Results for Experiment 1.

A, Normalized response time was longer for horizontally oriented objects (90°) than for upright objects (0°) for set sizes 4 (purple line) and 9 (red line). B, The accuracy was higher when objects were upright than when they were horizontal. Format as in A. C, Normalized response time increased as a function of set size for upright (red line) and tilted objects (purple line). D, Difference in intercept and slope of the response time–set size function (lines shown in C) between upright and horizontal objects. Error bars represent S.E.M.

These results demonstrate that real-world visual search is faster and more accurate for upright objects than for horizontal objects, suggesting an orientation dependency in this task. In addition, we found that normalized RT scaled with set size (Figure 2C; estimate=0.129, 95%CI=[0.116,0.142], t(10029)=19.1, p=1.26×10−79), which suggests that a serial search was involved.

Internal reference frame facilitates visual search

What cognitive process might give rise to this orientation dependency in visual search? Previous studies on object recognition suggest two possibilities25,27: individual object rotation and internal reference frame transformation (Figure 3A). As discussed above, the effect of set size on RT indicates a serial search, in which individual objects are processed one at a time2. If the observer mentally rotates each object during this serial process54, we expect set size to have a larger effect on RT for tilted objects than for upright ones. In other words, each additional object adds to the total mental rotation time, resulting in a steeper slope of the RT–set size function for tilted objects (Figure 3A and B, bottom row). Note that any process that applies to individual objects necessarily predicts an orientation effect on the slope, not the intercept. For example, if orientation acts as a gain on object processing, orientation dependency should also increase with set size because of the additional process time during serial search. Alternatively, the observer may rotate an internal reference frame to align with the objects and maintain its orientation throughout the serial process25. Because reference frame transformation happens before serial search and would be constant regardless of the number of objects present, we expect the effect of object orientation to be independent of set size (Figure 3A and B, top row).

Illustrations of two possible mechanisms for orientation dependency and additional results for Experiment 1.

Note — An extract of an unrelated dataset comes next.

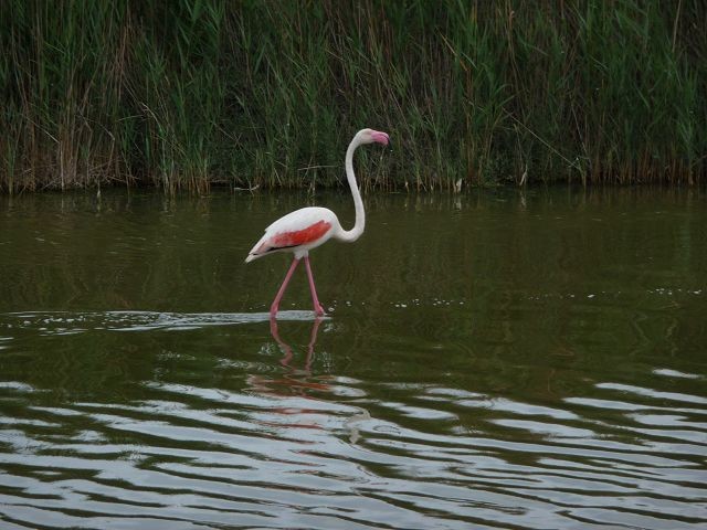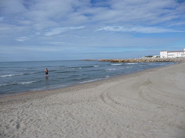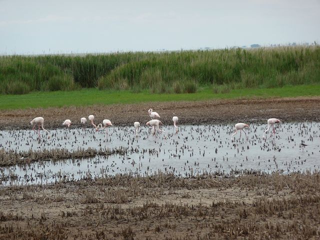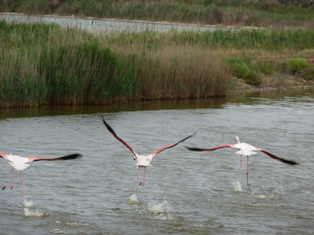 Später lasen wir, dass ab 17:30 - bis 8:30 keine Parkgebühr fällig ist. Ehrlich gesagt, so richtig prickelnd fanden wir den Stellplatz nicht. Überall Pferdeäpfel, auch am Strand und ein unangenehmer Geruch vom Kanal her und viele Mücken. Länger als eine Nacht wollten wir ja sowieso nicht bleiben. Da es zum Baden zu kalt war (Wassertemperatur und kalter Mistral) machten wir noch eine kleine Wanderung, beobachteten Flamingos und besuchten den, schon in der Vorsaison quirligen Ort. In den vielen Gaststätten und Snackbars, angereiht wie an einer Perlenkette, ist sicher für jeden Geschmack etwas dabei. An der Stierkampfarena mussten wir feststellen das wir den unblutigen Stierkampf leider um 3 Std. verpasst hatten. Schade!

A, Top row, an internal reference frame is rotated to align with objects at the beginning of each trial. Bottom row, each object is mentally rotated to a familiar orientation during serial search. B, Top, reference frame transformation predicts an orientation dependency on the intercept of the RT-set size relationship, as the transformation step is independent of the number of objects. Bottom, object rotation predicts a difference in slope between upright and tilted objects, because each object requires additional time for mental rotation. C, Longer normalized response time was found for both target-absent (dashed lines) and present trials (solid lines) for set sizes 4 (dashed blue and solid red lines) and 9 (dashed purple and solid yellow lines). D, Response time varied as a function of effective set size for upright (red) and tilted objects (purple). Lines represent linear fit to the data. E, Difference in intercept and slope of the response time–effective set size functions shown in D. Error bars indicate S.E.M.

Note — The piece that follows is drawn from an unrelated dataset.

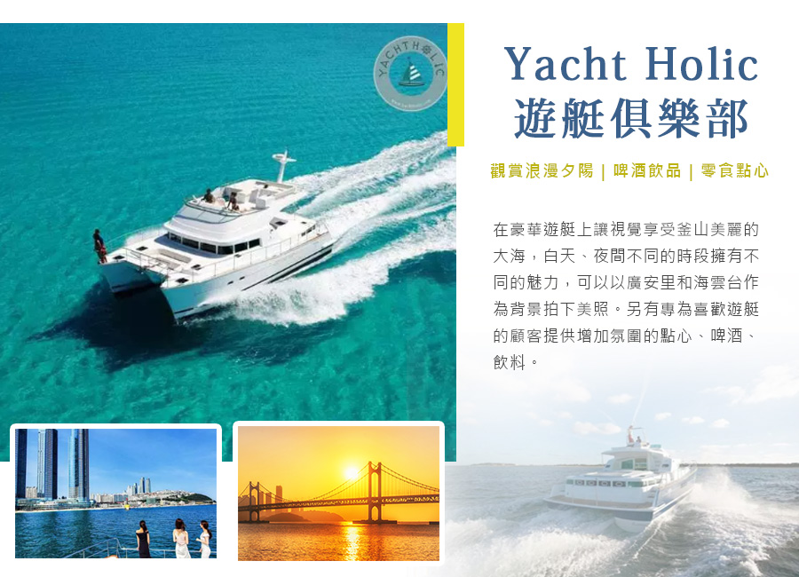 【Yacht Holic】是 2023 年新加入 Visit Busan Pass 的船家,主打精緻小團、船上提供免費的酒水點心、船家貼心的拍照服務,是不少人來釜山旅遊最值得的體驗之一。遊艇路線從海雲台的水營灣遊艇俱樂部出發,行經多個海雲台及廣安里景點,像海洋城市、The Bay 101、冬柏島、廣安大橋、廣安里海水浴場、民樂水邊公園、水營江等等,才開船不久,天空就開始變色,迎來到最期待的浪漫夕陽;船家會在夕陽時停靠在廣安大橋幾分鐘,讓想拍照的人輪流在船頭拍照,當夜色降臨,精彩的遊艇煙火秀即將上演,讓我們一起在船上渡過最浪漫的時光吧!

Our linear mixed-effects model showed that the interaction between object orientation and set size was not significant (estimate=-1.30×10−4, 95%CI=[−3.39×10−4, 7.91×10−5], t(10029)=-1.22, p=0.223). Furthermore, we observed a significant difference in the intercepts of the RT–set size function for upright and horizontal objects (Figure 2D; m=-0.198, 95%CI=[−0.311, −0.086], t(19)=-3.68, p=0.00159, paired t-test), but not in the slopes (Figure 2D; m=0.009, 95%CI=[−0.008, 0.0261], t(19)=1.11, p=0.281). These findings suggest an internal reference frame transformation, rather than individual object rotation.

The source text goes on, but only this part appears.